マツダは2021年11月4日、新たな予防安全システム「MAZDA CO-PILOT」のコンセプトを発表した。現行の先進運転支援システム(ADAS)「i-ACTIVSENSE」に追加するもので、運転者の体調の急変による事故を防ぐのが最大の狙いである。
第1段階のシステム「MAZDA CO-PILOT 1.0」を22年から、同社の新プラットフォーム(PF)「ラージ」適用車に導入する。さらに25年以降に、機能を向上させた第2段階のシステム「同2.0」をラージPF適用車に導入し、死亡交通事故ゼロを目指す(図1)。

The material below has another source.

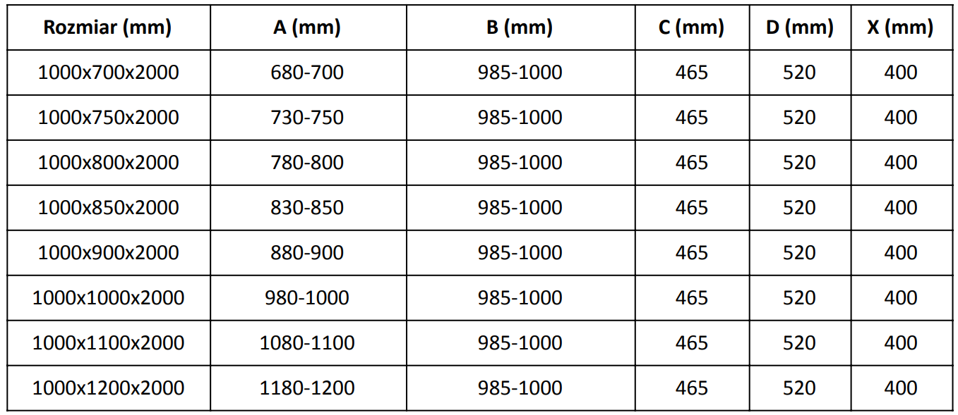 Velikost: 100x85 cm (dveře 100 cm, boční stěna 85 cm)
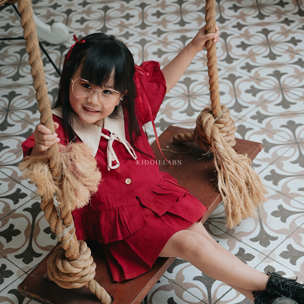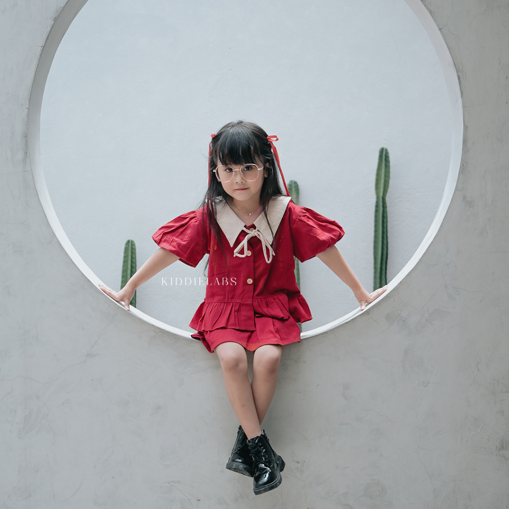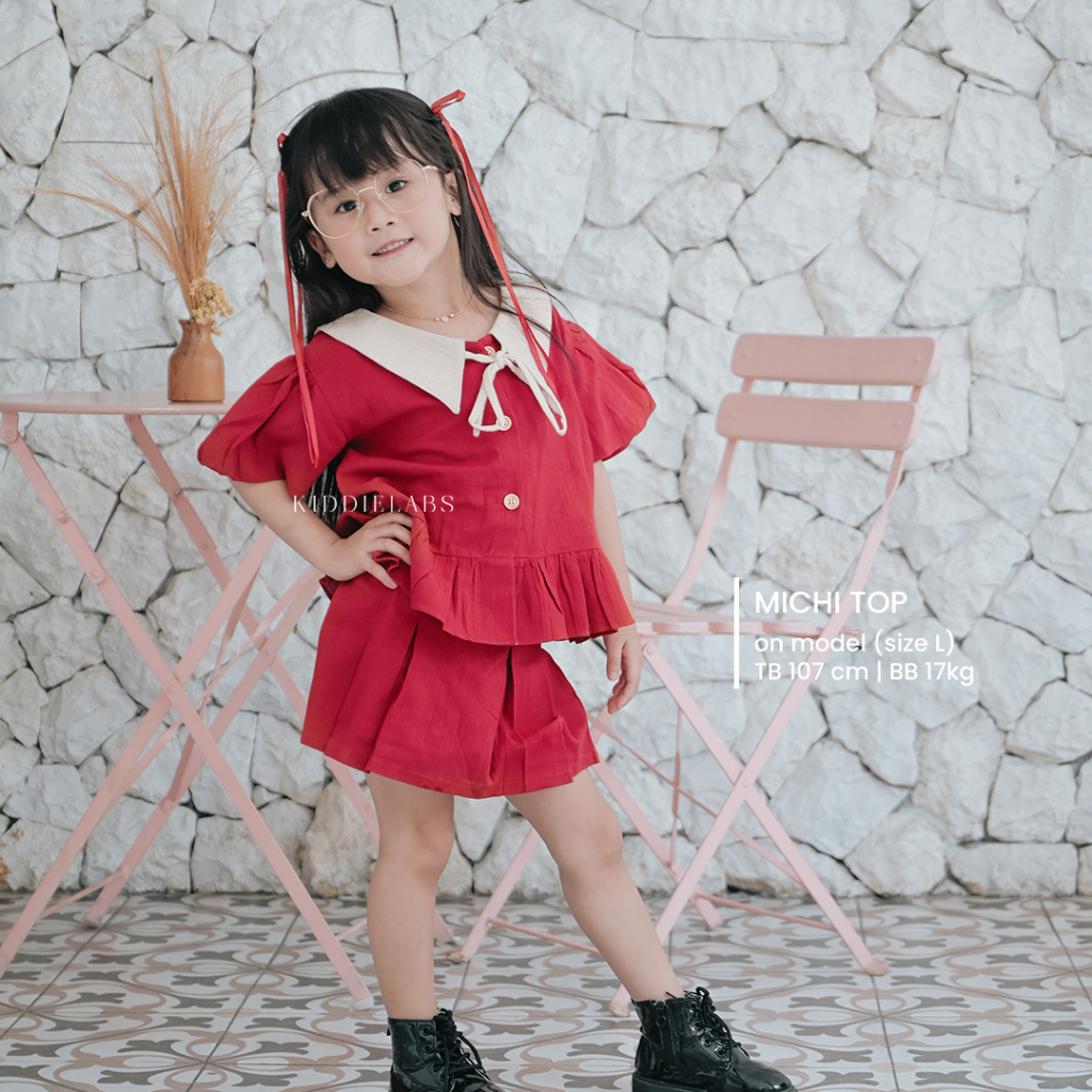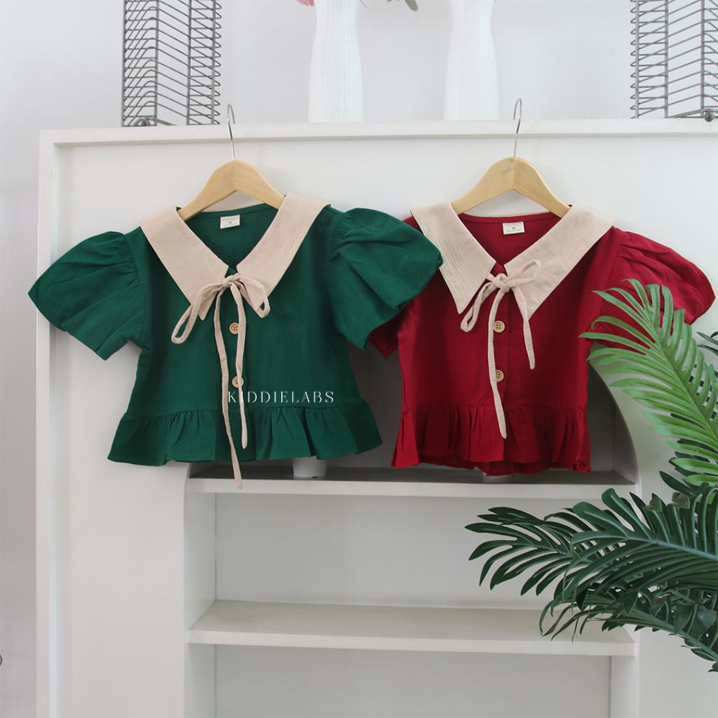 Michi Puffy Top Atasan Anak Perempuan Kemeja Anak Perempuan Atasan Lengan Balon Baju Natal Anak

マツダによると、日本における死亡・重傷事故は減少傾向にあるが、多くの運転者は運転中に眠気を感じているという。また、運転者の発作・急病による交通事故件数は増加傾向にある。さらに、運転者の急な体調変化による事故の95%以上は、60km/h以下の車速で起こっているという。
同社商品戦略本部で技術企画部主査を務める栃岡孝宏氏は、「運転者の体調の急変による事故を防ぐために、今回のシステムを開発した」と言う(図2)。22年に導入する第1段階のシステムは(1)運転者の状態検知、(2)「レベル2+」の運転支援(マツダは「HMI仮想運転」と呼ぶ)、(3)運転者異常時の退避支援──の3つの技術で構成する。
具体的には、車内カメラを使って運転者の姿勢の崩れや視線・頭部の動きを監視し、CAN (Controller Area Network)の情報を使って操舵(そうだ)や加減速の操作量を検知する。その結果を基に、運転者の状態が異常であるとシステムが判断すると、まずハザードランプやブレーキランプを点滅させ、ホーンを鳴らして異常が発生したことを周囲に知らせる(図3)。